Some people just have a grace about them. You know the kind of people I'm talking about? They just have a way of making you feel accepted, like they can handle you, like they aren't judging you. And yet, ironically, simply because of their grace and their kindness, they're also challenging. They have a way of surfacing, simply by contrast, all the things in you that aren't so gracious and kind. They sharpen you and inspire you to be better, to be gracious as well. They have a certain power, a power they gain not because they take it but because they accept it, a power they don't exploit but hold rather loosely as though it doesn't really belong to them in the first place. They don't need to go around imposing their way upon others because their way speaks for itself. For me, people like Desmond Tutu (though I've never met him) and Tony Campolo (who gave me a hug before I could shake his hand when I first met him) come to mind, though the best examples are people who aren't so well known.

Then there are other people. There are people who have the opposite affect. These people are easier to come by, unfortunately. They're people who make you feel judged right out the gate. Their utter lack of grace makes it immediately apparent to you that they have a certain standard for who you should be, how you should think, and what you should be like. Sometimes they even justify their judgement as though it somehow makes them prophetic, like they're "telling it like it is" while everyone else is just being ignorant. They claim a moral, intellectual, and often a religious high-ground and authority.
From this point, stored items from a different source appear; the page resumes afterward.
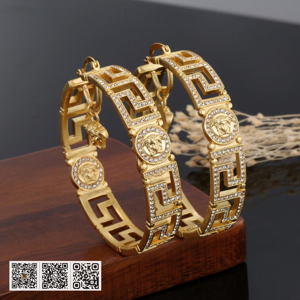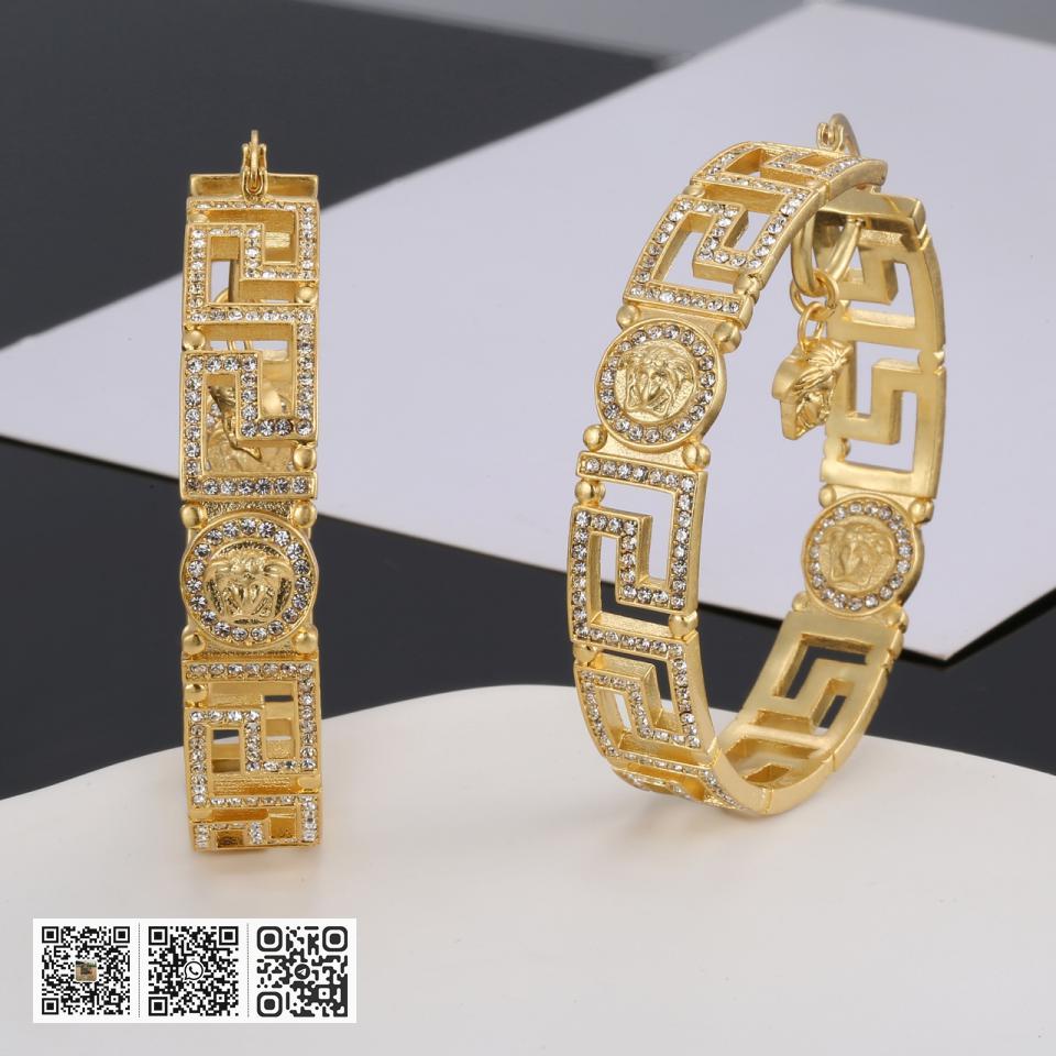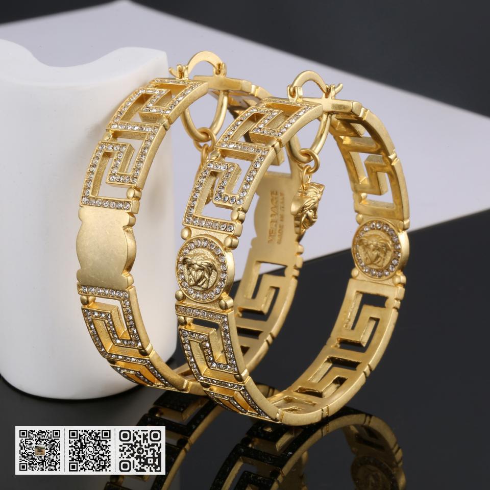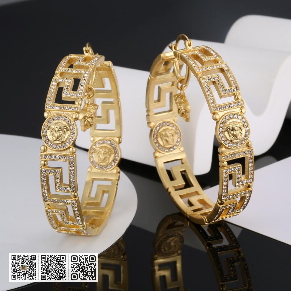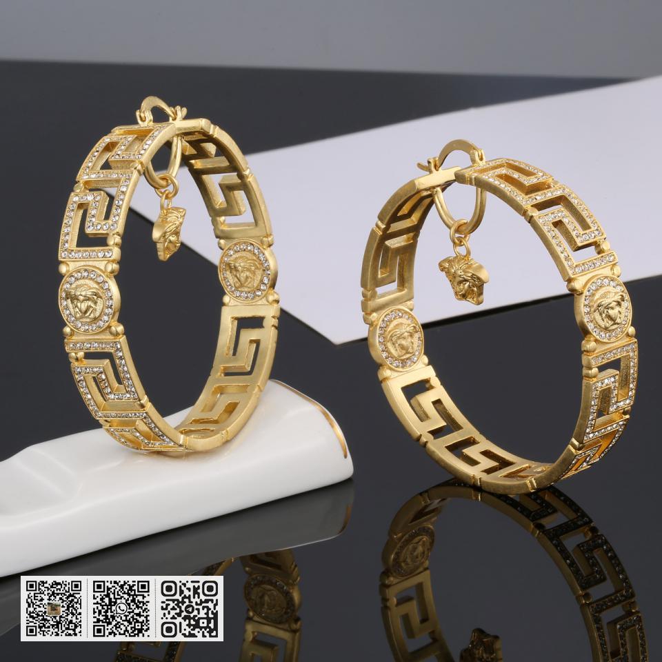 NO.202495310 范思哲Versace美杜莎人面浮雕花藤蔓纹大圈灵动V标金属质感耳环 黄铜材质镀金
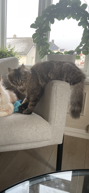Linemor er stort sett innekatt, men lufter seg på terrassen. Vi bor i 2 etasje. Hun må ha klart å komme seg ned på bakkenivå via naboens tak eller terrasse. Dette har hun gjort en gang før, men kom da tilbake etter 24 timer. Hun har nå vært borte siden Lørdag 23.04.22
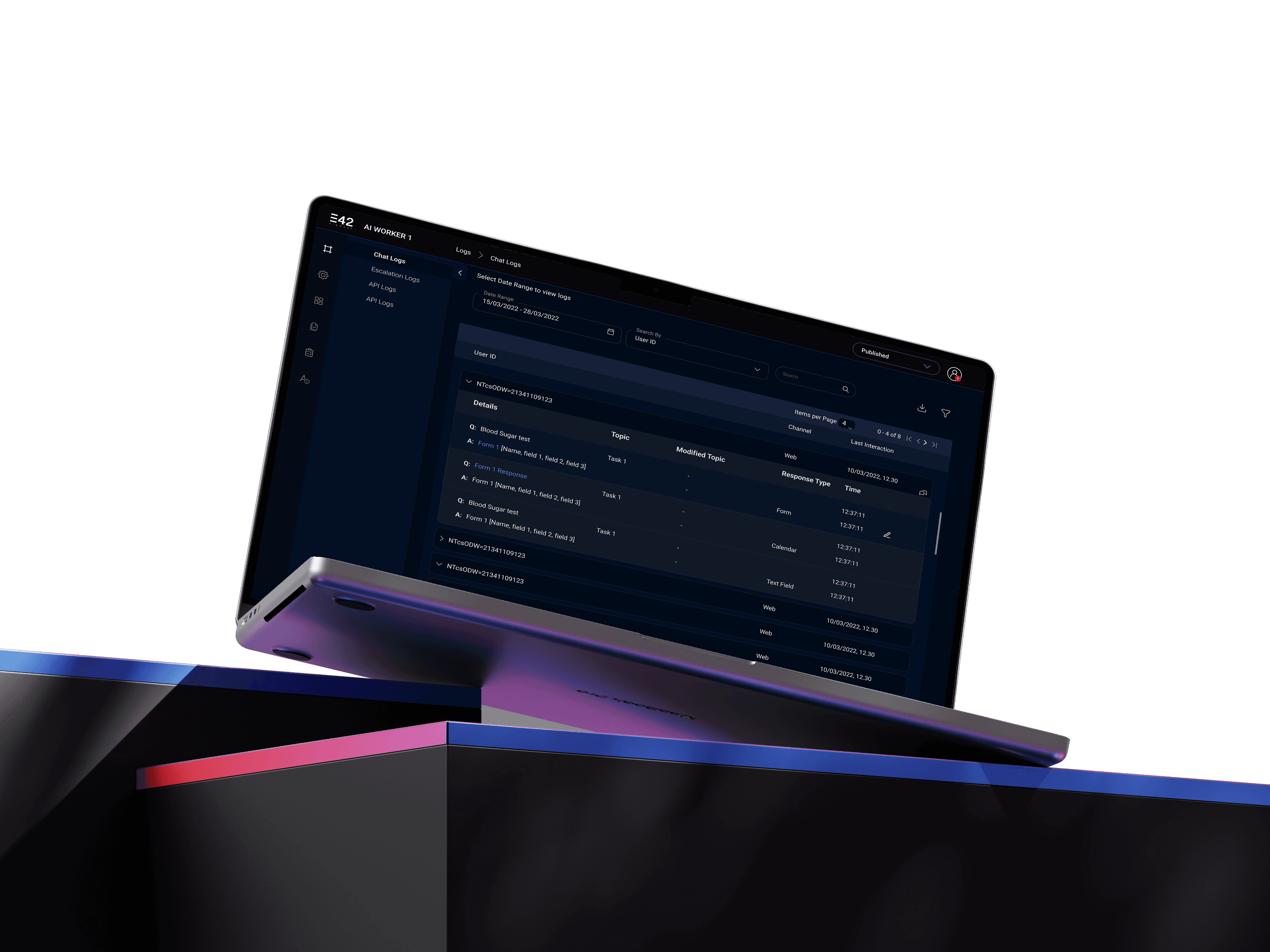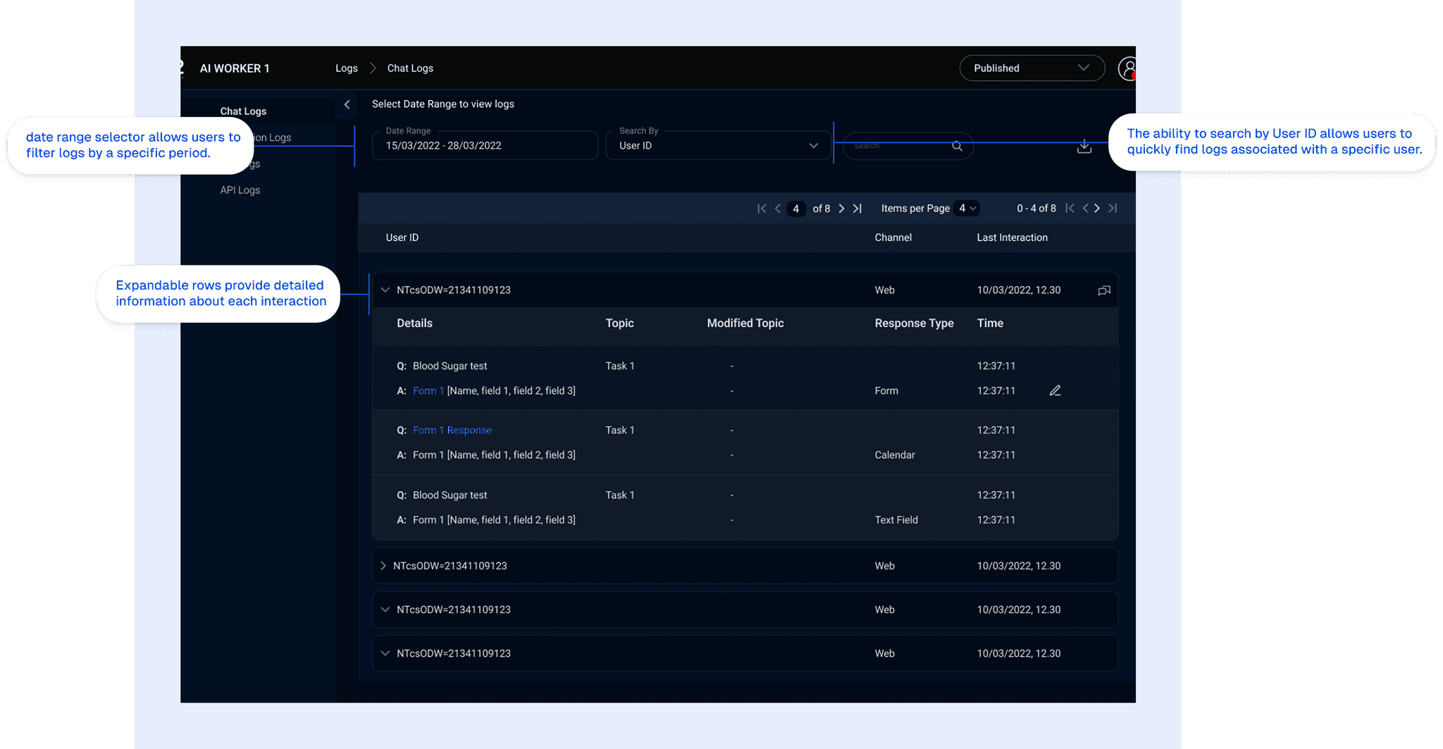ELI5: This screen shows what people are saying to the computer. It’s like a record of all the conversations. You can find the chats you are looking for, by date or by the user who had the conversation.

They sometimes (too often) even manage to gain a following, other people who are perhaps intimidated into following their lead, people who are willing to submit to their exploitation of power. But rather than inspiring people to be better simply by their example, they scare people away or, worse yet, they mold others into their image, inspiring people to hide their insecurities by judging and projecting their brokenness upon others. When these sorts of people happen to be Christians it makes for a bad combination. There's no wonder that so many are so turned off by the church, so disillusioned at the concept of God. I would be too if I'd only been exposed to such as these. I won't name names here, I'm sure you can think of a couple of figures which fit this description.

There are people who are fierce with grace and kindness--fierce with love--and there are people who are just fierce with power and judgement. I don't know that we can really justify a "balance" here. I think the ideal has got to be one or the other. The former is just as capable of speaking their mind as the latter. The former is just as capable of discerning injustice and speaking prophetically as the latter. So the question is, first of all, which sort of person is God like? What's the nature of God's power? And secondly, which sort of people should we be training ourselves to be? Which direction are our spiritual disciplines taking us? I believe that Jesus was fierce with grace, fierce with kindness, fierce wit love, even to the point that his life became a challenge to the power players, a prophetic indictment of their exploitive practices. And as followers of Jesus, we should be fierce in the same way.